A: As a way to interpret the integrating factor:
If we propose that for the equation 
$$
\frac{dy(x)}{dx} + p(x)y(x) = q(x)
$$
we can multiply through by a function $\phi(x)$ we will then obtain
$$
\phi(x)\frac{dy(x)}{dx} + p(x)\phi(x)y(x) = \phi(x)q(x)
$$
then using $\frac{d}{dx}\left(fg\right) = \frac{df}{dx}g + f\frac{dg}{dx}$
we find that 
$$
\phi(x)\frac{dy(x)}{dx} = \frac{d}{dx}\left(\phi(x)y(x)\right) - \frac{d\phi(x)}{dx}y(x)
$$
then inserting back into equation above we find
$$
\left[\frac{d}{dx}\left(\phi(x)y(x)\right) - \frac{d\phi(x)}{dx}y(x)\right] + p(x)\phi(x)y(x) = \phi(x)q(x)
$$
then collecting the terms linear in $y(x)$
$$
\frac{d}{dx}\left(\phi(x)y(x)\right) -\left[\frac{d\phi(x)}{dx} - p(x)\phi(x)\right]y(x) = \phi(x)q(x)
$$
The next reduction is to make the argument of $[...]$ identically zero i.e.
$$
\frac{d\phi(x)}{dx} - p(x)\phi(x) = 0
$$
the solution of the above is then
$$
\phi(x) = \mathrm{e}^{\int p(x)dx}
$$ 
(note we should really use dummy variables in the integral)

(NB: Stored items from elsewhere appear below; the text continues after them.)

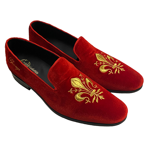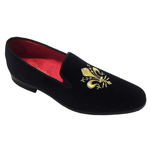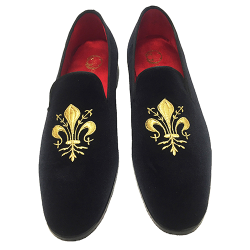 Slippers in vellutoย con ricamo giglio Fiorentino colore oroย personalizzabile, disponibile dal 35 al 47 calzata comoda Italiana. Scarpe realizzate su ordinazione in laboratorio artigianale con pellami e materiali di prima scelta, tutto made in Italy. Dal momento dellโordine specificando la taglia e colore, si ha bisogno di un massimo di 10 giorni lavorativi per la realizzazione (su richiesta si puรฒ avere la cintura nello stesso pellame con lโaggiunta di 35,00 euro) .Materiali: tomaia in velluto, fodera in pelle, plantare in pelle con poron per un miglior confort suola in cuoio costruito e cucita blake. Scarpe disponibili in tutti i colori della cartella, si puo scegliere il colore della scarpa, la fodera in pelle o raso, il colore del ricamo e il colore del battistrada della suola (disponibili colori della cartella)
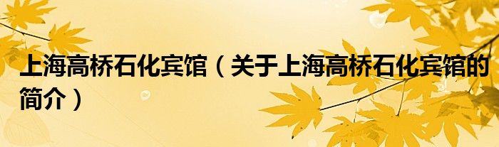 本文關于上海高橋石化賓館的簡介就講解完畢,希望對大家有所幫助。
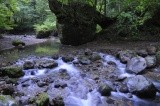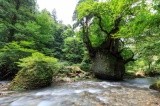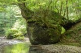 nekobari iwa深受釣客喜愛的馬場目川上游,有一塊靜靜佇立的巨大奇岩,名為根古波離(nekobari)岩。岩石高約6公尺,有好幾棵大樹盤根錯節,宛如一座小森林一般,十分不可思議。樹木根部像是波浪一般攀爬連到地面,因而得名「根古波離(nekobari:neko=根,bari=攀爬)」。想盡辦法要與地面相連的模樣,讓人感受到大自然不屈不撓的強韌生命力。有人認為岩石整體看來就像是巨大生物一般,也有人認為這裡是能感受到森林能量的景點。
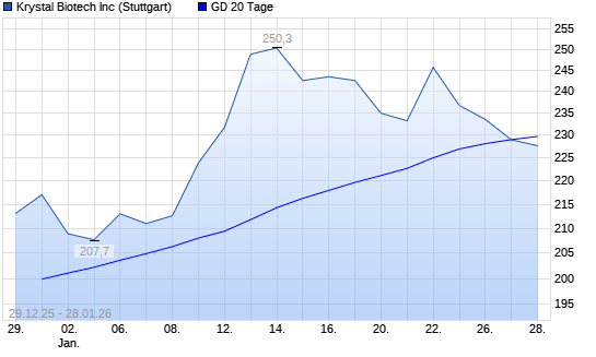 Mit dem Rücksetzer auf 228,90 EUR hat die Krystal Biotech-Aktie am 27.01.2026 die 20-Tage-Linie nach unten gekreuzt.Die Krystal Biotech-Aktie befindet sich seit dem 29.09.2025 ...weiterlesen
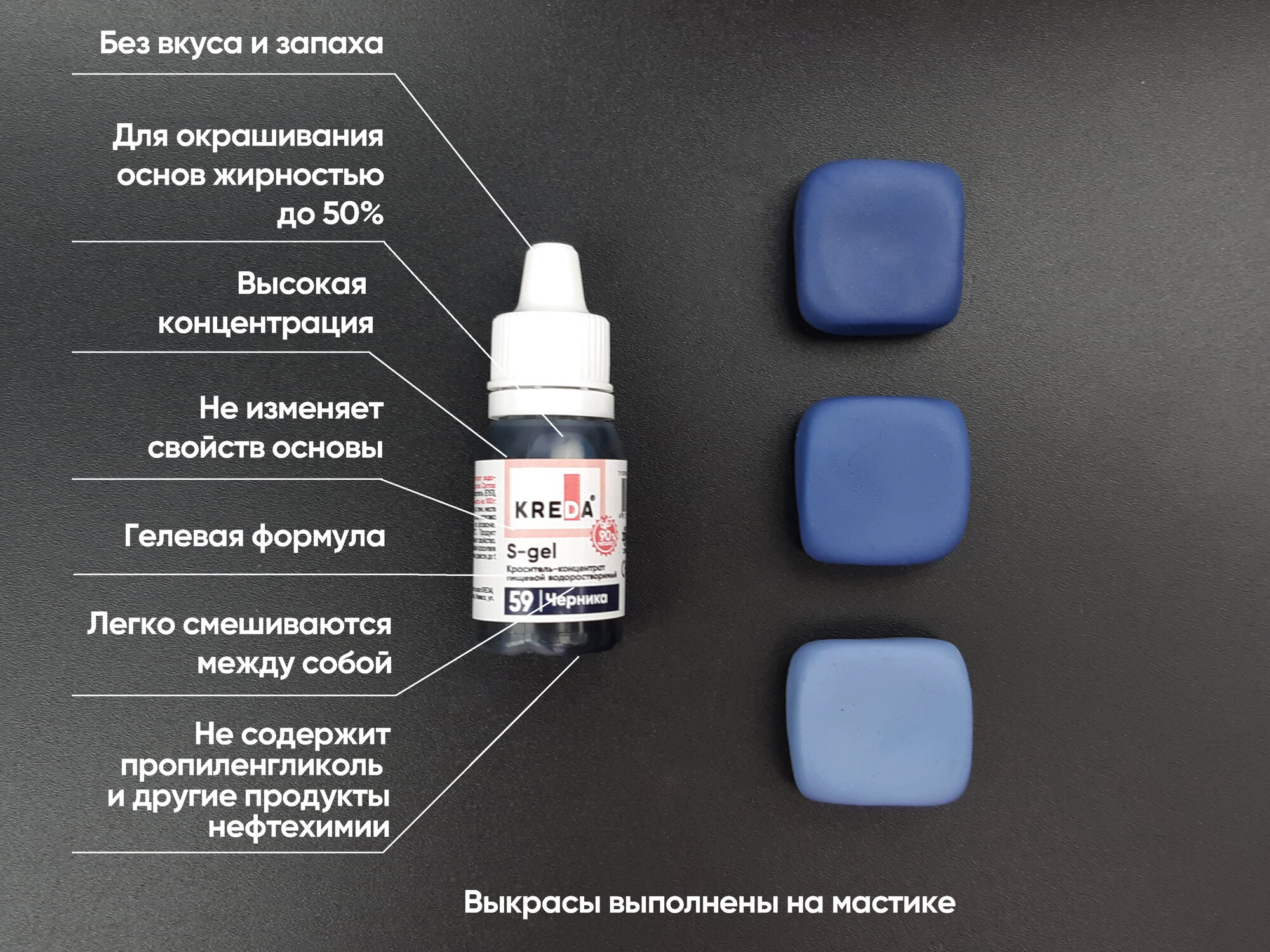 Ниже Вы можете прочитать отзывы на Пищевой краситель Kreda S-gel, черника, 10 мл, гелевый, водорастворимый, ознакомится с подробными характеристиками, посмотреть интересные обзоры и фотографии на Пищевой краситель Kreda S-gel, черника, 10 мл, гелевый, водорастворимый.
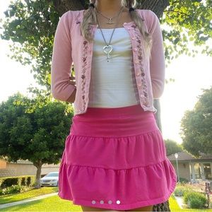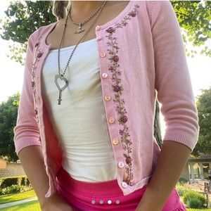 this cardigan is the softest thing, i love how delicate it is and all the details on it. the cardigan is pink with rose buds lining all in the front near the light pink buttons 💗
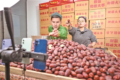 春节临近,新疆特色年货迎来销售旺季,和田薄皮核桃、红枣等农特产品,成为全国消费者置办年礼的热门之选。和田地区电商企业借力直播带货、网上年货节,向全国推介优质好物。各地提前备足货源,优化物流配送全链条,实现从接单到发货的快速响应。新华社记者 丁磊 摄

This transforms the equation (with subbing back the form of $\phi(x)$ as
$$
\frac{d}{dx}\left(\mathrm{e}^{\int p(x)dx}y(x)\right) -0*y(x) = \mathrm{e}^{\int p(x)dx}q(x)
$$
Now integrate both sides
$$
\mathrm{e}^{\int p(x)dx}y(x) = \int \mathrm{e}^{\int p(x)dx}q(x) dx.
$$
$\textbf{Edit:}$
The solution to the above is 
$$
q(t) = q(0)\mathrm{e}^{-\frac{t}{RC}} + V_{0}C\left[1-\mathrm{e}^{-\frac{t}{RC}} \right].
$$
where $q(0)$ is the initial condition. This arises from
$$
q(t)\mathrm{\frac{t}{RC}} = \int \frac{V_{0}}{R}\mathrm{e}^{\frac{t}{RC}} +\lambda = \frac{V_{0}}{R}\frac{1}{1/RC}\mathrm{e}^{\frac{t}{RC}} + \lambda
$$